[Input for this task]
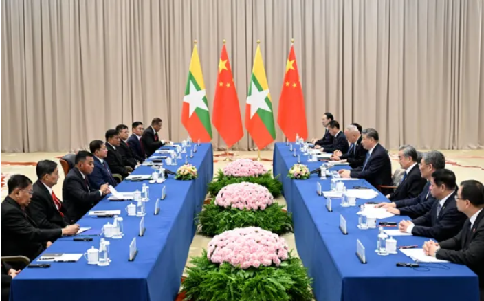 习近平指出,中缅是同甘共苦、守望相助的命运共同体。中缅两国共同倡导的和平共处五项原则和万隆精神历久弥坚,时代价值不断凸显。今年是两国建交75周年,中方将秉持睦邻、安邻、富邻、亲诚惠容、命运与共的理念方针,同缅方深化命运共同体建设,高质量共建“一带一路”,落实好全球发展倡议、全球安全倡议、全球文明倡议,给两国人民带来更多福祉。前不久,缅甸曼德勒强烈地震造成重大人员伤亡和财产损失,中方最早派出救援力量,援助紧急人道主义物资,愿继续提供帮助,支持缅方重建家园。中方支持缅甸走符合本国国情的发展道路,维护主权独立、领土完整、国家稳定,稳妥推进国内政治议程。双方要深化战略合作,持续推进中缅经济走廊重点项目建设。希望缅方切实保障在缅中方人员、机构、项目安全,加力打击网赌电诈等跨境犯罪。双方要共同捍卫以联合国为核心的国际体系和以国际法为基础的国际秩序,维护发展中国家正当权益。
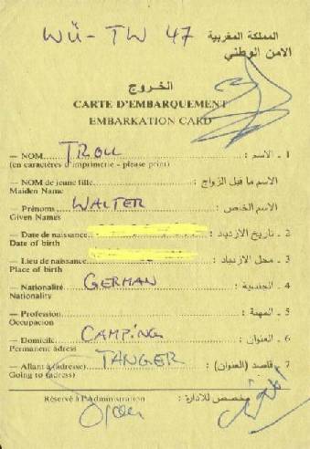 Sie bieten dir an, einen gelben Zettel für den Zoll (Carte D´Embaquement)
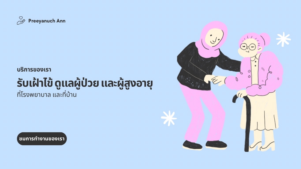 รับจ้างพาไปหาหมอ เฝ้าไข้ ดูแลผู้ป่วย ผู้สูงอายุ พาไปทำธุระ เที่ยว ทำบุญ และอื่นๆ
[/Input for this task]
[Input for this task]
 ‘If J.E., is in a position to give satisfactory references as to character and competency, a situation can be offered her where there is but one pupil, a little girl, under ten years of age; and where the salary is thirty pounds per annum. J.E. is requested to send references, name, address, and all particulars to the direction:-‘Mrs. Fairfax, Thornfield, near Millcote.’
[/Input for this task]
Everything from the line above that contains "习近平指出,中缅是同甘共苦、" down to the line that contains "รับจ้างพาไปหาหมอ เฝ้าไข้ ดูแลผู้ป่วย" must be reproduced exactly, both ends included. Omit the pictures.

§ Task result:
 习近平指出,中缅是同甘共苦、守望相助的命运共同体。中缅两国共同倡导的和平共处五项原则和万隆精神历久弥坚,时代价值不断凸显。今年是两国建交75周年,中方将秉持睦邻、安邻、富邻、亲诚惠容、命运与共的理念方针,同缅方深化命运共同体建设,高质量共建“一带一路”,落实好全球发展倡议、全球安全倡议、全球文明倡议,给两国人民带来更多福祉。前不久,缅甸曼德勒强烈地震造成重大人员伤亡和财产损失,中方最早派出救援力量,援助紧急人道主义物资,愿继续提供帮助,支持缅方重建家园。中方支持缅甸走符合本国国情的发展道路,维护主权独立、领土完整、国家稳定,稳妥推进国内政治议程。双方要深化战略合作,持续推进中缅经济走廊重点项目建设。希望缅方切实保障在缅中方人员、机构、项目安全,加力打击网赌电诈等跨境犯罪。双方要共同捍卫以联合国为核心的国际体系和以国际法为基础的国际秩序,维护发展中国家正当权益。
 Sie bieten dir an, einen gelben Zettel für den Zoll (Carte D´Embaquement)
 รับจ้างพาไปหาหมอ เฝ้าไข้ ดูแลผู้ป่วย ผู้สูงอายุ พาไปทำธุระ เที่ยว ทำบุญ และอื่นๆ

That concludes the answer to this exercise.